The sternal cleft, a greatly rare congenital malformation of the chest wall, was first reported in 1739 [1], with an incidence of less than 0.15% [2]. There is currently no evidence of a familial susceptibility to sternal cleft, and its pathogenesis is unclear, but it is more common in girls [3]. Therefore, there is a hypothesis indicating that sternal cleft may be related to impartation in HoxB gene expression, based on murine models [3]. The sternal cleft arises from a failure of the sternal bars fusion process that should be completed by the tenth week of gestation under normal physiological conditions. This malformation is usually divided into 3 types: superior sternal cleft, total sternal cleft, and inferior cleft, according to the location and degree of the fissure. And the sternal cleft can be isolated or associated with other congenital deformities and the former is rare. Currently, postpartum diagnosis of sternal cleft mainly relies on medical imaging. Sternum cleft not only affects the aesthetic appearance but also leads to the destruction of the bone structure of the thorax, resulting in contradictory thoracic movements (depression during inspiration and bulge during expiration) and, in severe cases, may result in impaired gas exchange and difficulty breathing, impaired heart and lung function, chest infection, and even death [4–9]. Therefore, it is necessary for patients with sternal cleft to undergo surgical correction as soon as possible to restore the protective function of the thorax to protect the heart, lungs and other mediastinal organs. Here, we present a case report of a newborn girl having an isolated congenital sternal cleft, belonging to the superior sternal cleft. Taking this case as a starting point, we systematically discuss the formation mechanism of this deformity, possible causes, methods of diagnosis, the best time of corrective surgery, and surgical methods.

Case Report

We report the case of a newborn female diagnosed with congenital sternal cleft, which was part of the superior sternal cleft and not associated with other congenital deformities. After the baby was born, scar-like tissue was found in the middle of the chest and extended to the root of the umbilical cord, with a vesicle at the end of it near the head (Figure 1). The vesicle contained a colorless, transparent liquid, not infiltrated into the basal layer, presumably caused by extrusion during fetal development.
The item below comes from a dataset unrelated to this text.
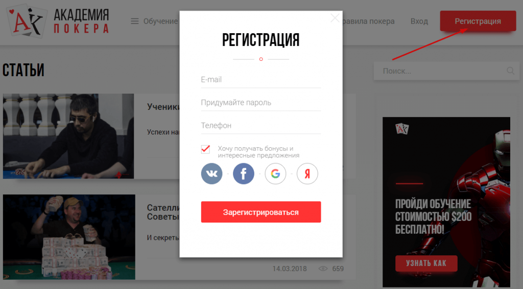 От пользователя требуется заполнить эту форму или же авторизоваться на сайте посредством профиля от одной из социальных сетей. После этого вам станет доступен весь функционал сайта покерной школы.
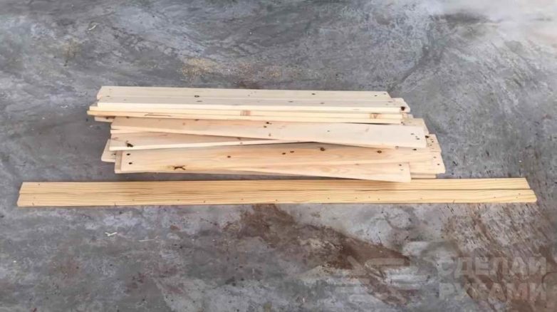 Сначала надо будет разобрать поддоны. Доски строгаем, прогоняем через рейсмус и обрезаем по размеру на циркулярной пиле.

Based on the imaging data, we diagnosed a sternal cleft. Thoracic CT with no contrast agent injected was done, showing that the sternum was separated and the soft tissue in the middle of the chest was sunken inward (Figure 2). According to the results of the CT examination, we obtained specific data on the patient’s sternal fissure by measuring the fissures between the 4 unclosed sternal segments that together constitute the sternal body, at the same level of the sternal separation. It included the distance between the inner edge and the center of the sternal segment of the split sternal body. The specific data from top to bottom were: the distance between the inner edges of the first sternal segment was 12.8 mm and the distance between centers of the first sternal segment was 15.8 mm; the distance between the inner edges of the second sternal segment was 4.5 mm and the distance between centers of the second sternal segment was 6.8 mm. The distance between the inner edges of the third sternum was 2.6 mm and the distance between centers of the third sternum was 4.4 mm; the distance between the inner edges of the fourth sternum was 4.1 mm and the distance between centers of the fourth sternum was 6.4 mm (Figure 3). The extent of this newborn’s sternal cleft was shown by 3D CT reconstructions, and no rib or spinal anomalies were found (Figure 4). Thus, this case we reported as an isolated superior cleft sternum.

After the newborn was admitted to the hospital, she had a normal body temperature and strong sucking ability, and no vomiting or cough. In addition, breathing was regular with normal chest wall movement (a bulge during expiration and depression during inspiration) and the structure of the lungs was normal, confirmed by CT with no contrast agent injected.

Medical ultrasound examination of her urinary system and digestive system revealed no obvious abnormalities in the liver, spleen, bladder, and kidneys. Except for the unclosed foramen ovale (2.2 mm) in the heart during echocardiography, there were no other obvious abnormalities found. Flow cytometry showed absolute and relative counts of lymphocyte subsets and NK cells all belonging to immune cells, and no obvious pathological abnormalities. Regrettably, after the diagnosis of sternal cleft, the newborn’s guardian declined sternum repair surgery for reasons unknown to us.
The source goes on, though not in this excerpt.